From first line to last, copy the listing exactly and omit its pictures.

### DATASET RECORDS
•••

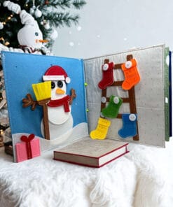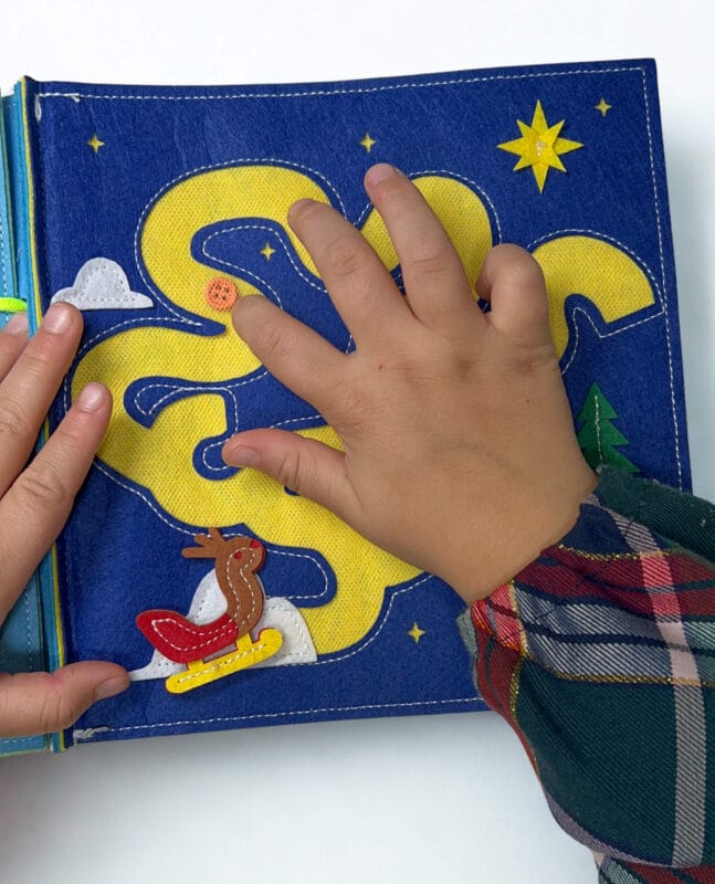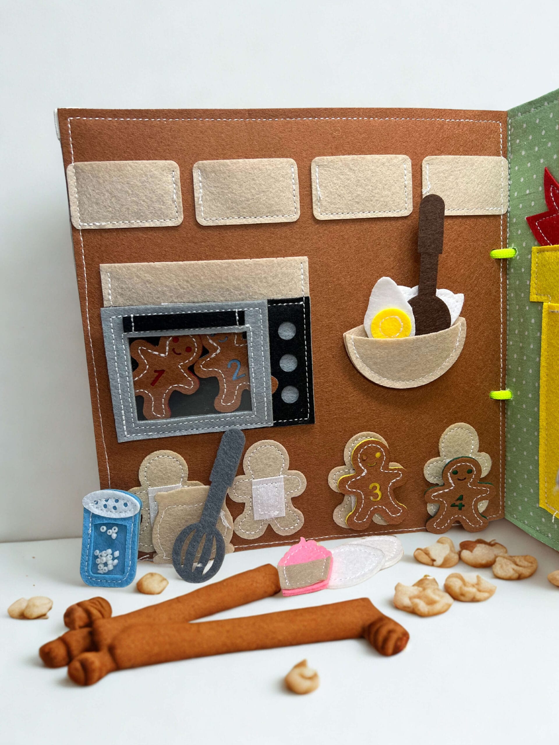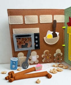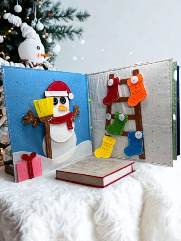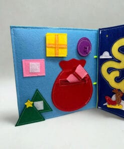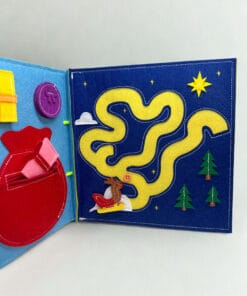 Zimní tichá kniha obsahuje 7 aktivitových stran, které jsou tematicky propojené s Vánocemi a zimním obdobím. Je vhodná od 2 let a nabízí dětem pestrou škálu činností: třídění barev, připínání a zapínání, zavazování, přesouvání figurek po cestě, hraní rolí při pečení sušenek a rozpoznávání základních tvarů.
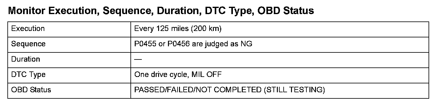 Monitor Execution, Sequence, Duration, DTC Type, OBD Status
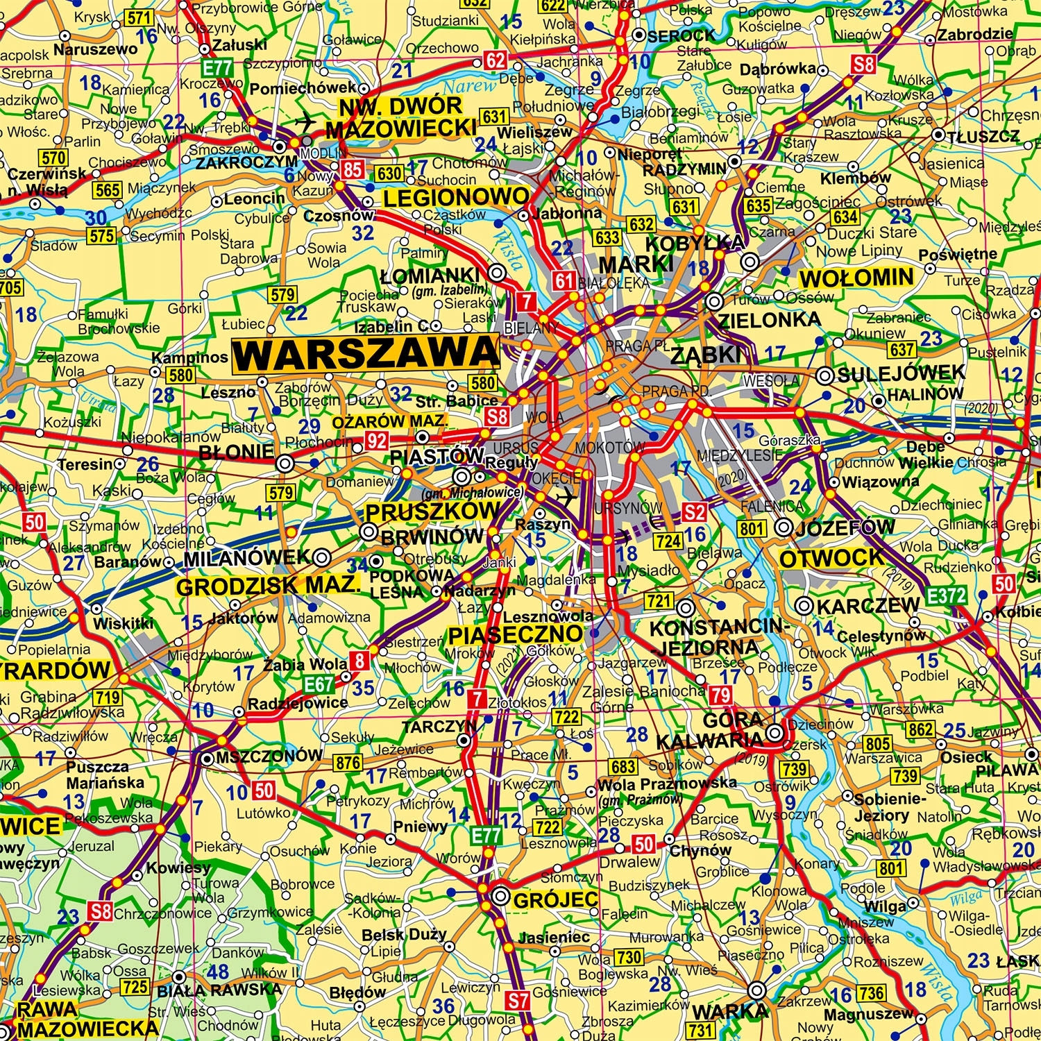 - aktualna sieć dróg i autostrad w Polsce wraz z numeracją,
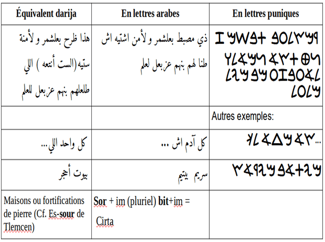 Commençons par nous faire une idée de la façon dont parlaient les Maghrébins, 1000 ans avant l’émergence de la langue arabe. Dans le tableau qui suit, nous présentons, de droite à gauche, des échantillons (1) en écriture punique, (2) dans une transcription alphabétique arabe et (3) dans leur évolution en darija.
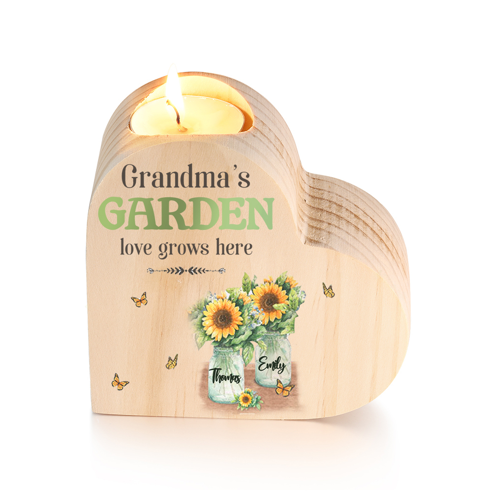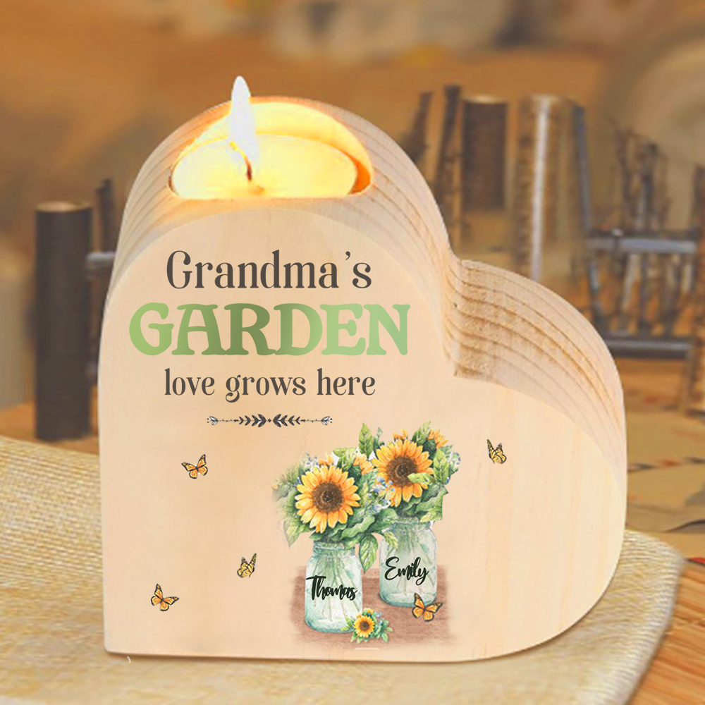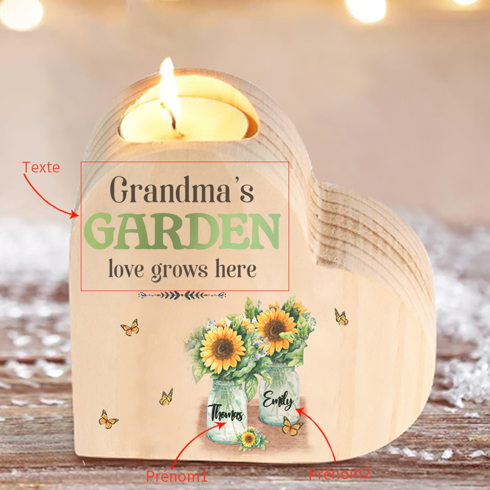 Bougeoir en Bois 2 Prénoms Personnalisés avec Texte sans bougie
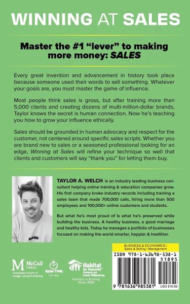 Learn to master the #1 "lever" to growing your personal income: sales. Every great invention and advancement in history took place because someone was willing to use their words to sell something. Whether you are trying to grow a business, make more money, or simply live a better life, you need to master the game of influence. The concepts Taylor shares in this book have created dozens of 7 and 8 figure brands. Now, for the first time, he's giving you the masterpiece “source material” to influencing human decisions. He pulls on the personal experience of training almost 5,000 clients, hundreds of thousands of customers, and over 700,000 sales calls to teach you how to grow your influence without being gross. You will not only get better at sales, you will learn the secret art of human connection. Filled with models, concepts, frameworks and scripts, this book is a guide that you will read again and again to influence people to make decisions that are good for them and good for you. Learning how to sell is about more than just what to say. It’s how you say it; when you say it; when to say nothing at all; and the emotional state you are in when you finally do speak. It’s about human advocacy and respect for your customer. And whether you’re brand new to sales or a seasoned professional looking for an edge, it will teach you to get so good that your clients and customers will say “thank you” for letting them buy.
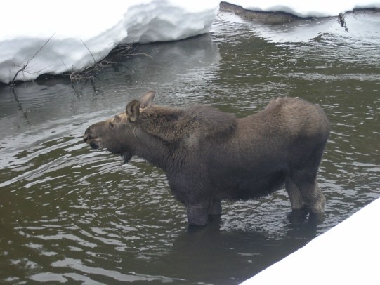 Young moose in Bonanza Cr. Females with young overwinter along Bonanza. June 1, 2015June 1, 2015 timsander401
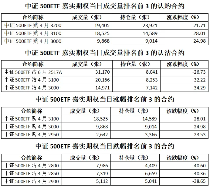 中证500ETF嘉实期权总成交面额125.94亿元,减少15.27%,期现成交比为0.03,权利金成交额2.53亿元;期权总成交量410,826张,减少15.93%,其中认购期权成交量189,319张,认沽期权成交量221,507张,认沽认购成交比率为1.17(上一交易日认沽认购成交比率为1.01)。
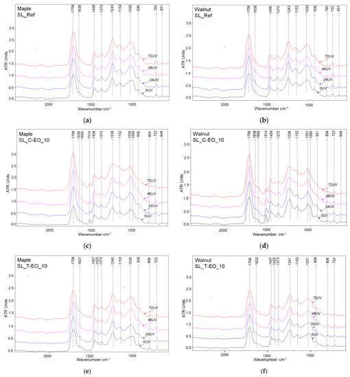 The results of the FTIR investigation of the coated samples prior to and after different periods of UV ageing are cumulated in Figure 8 for the two species under investigation and three types of shellac solutions: the unmodified reference (SL_Ref) and the solutions modified by 10% EOs (SL_E-EO_10, SL_T-EO_10).

•••

### WRITTEN SOLUTION
 Zimní tichá kniha obsahuje 7 aktivitových stran, které jsou tematicky propojené s Vánocemi a zimním obdobím. Je vhodná od 2 let a nabízí dětem pestrou škálu činností: třídění barev, připínání a zapínání, zavazování, přesouvání figurek po cestě, hraní rolí při pečení sušenek a rozpoznávání základních tvarů.
 Monitor Execution, Sequence, Duration, DTC Type, OBD Status
 - aktualna sieć dróg i autostrad w Polsce wraz z numeracją,
 Commençons par nous faire une idée de la façon dont parlaient les Maghrébins, 1000 ans avant l’émergence de la langue arabe. Dans le tableau qui suit, nous présentons, de droite à gauche, des échantillons (1) en écriture punique, (2) dans une transcription alphabétique arabe et (3) dans leur évolution en darija.
 Bougeoir en Bois 2 Prénoms Personnalisés avec Texte sans bougie
 Learn to master the #1 "lever" to growing your personal income: sales. Every great invention and advancement in history took place because someone was willing to use their words to sell something. Whether you are trying to grow a business, make more money, or simply live a better life, you need to master the game of influence. The concepts Taylor shares in this book have created dozens of 7 and 8 figure brands. Now, for the first time, he's giving you the masterpiece “source material” to influencing human decisions. He pulls on the personal experience of training almost 5,000 clients, hundreds of thousands of customers, and over 700,000 sales calls to teach you how to grow your influence without being gross. You will not only get better at sales, you will learn the secret art of human connection. Filled with models, concepts, frameworks and scripts, this book is a guide that you will read again and again to influence people to make decisions that are good for them and good for you. Learning how to sell is about more than just what to say. It’s how you say it; when you say it; when to say nothing at all; and the emotional state you are in when you finally do speak. It’s about human advocacy and respect for your customer. And whether you’re brand new to sales or a seasoned professional looking for an edge, it will teach you to get so good that your clients and customers will say “thank you” for letting them buy.
 Young moose in Bonanza Cr. Females with young overwinter along Bonanza. June 1, 2015June 1, 2015 timsander401
 中证500ETF嘉实期权总成交面额125.94亿元,减少15.27%,期现成交比为0.03,权利金成交额2.53亿元;期权总成交量410,826张,减少15.93%,其中认购期权成交量189,319张,认沽期权成交量221,507张,认沽认购成交比率为1.17(上一交易日认沽认购成交比率为1.01)。
 The results of the FTIR investigation of the coated samples prior to and after different periods of UV ageing are cumulated in Figure 8 for the two species under investigation and three types of shellac solutions: the unmodified reference (SL_Ref) and the solutions modified by 10% EOs (SL_E-EO_10, SL_T-EO_10).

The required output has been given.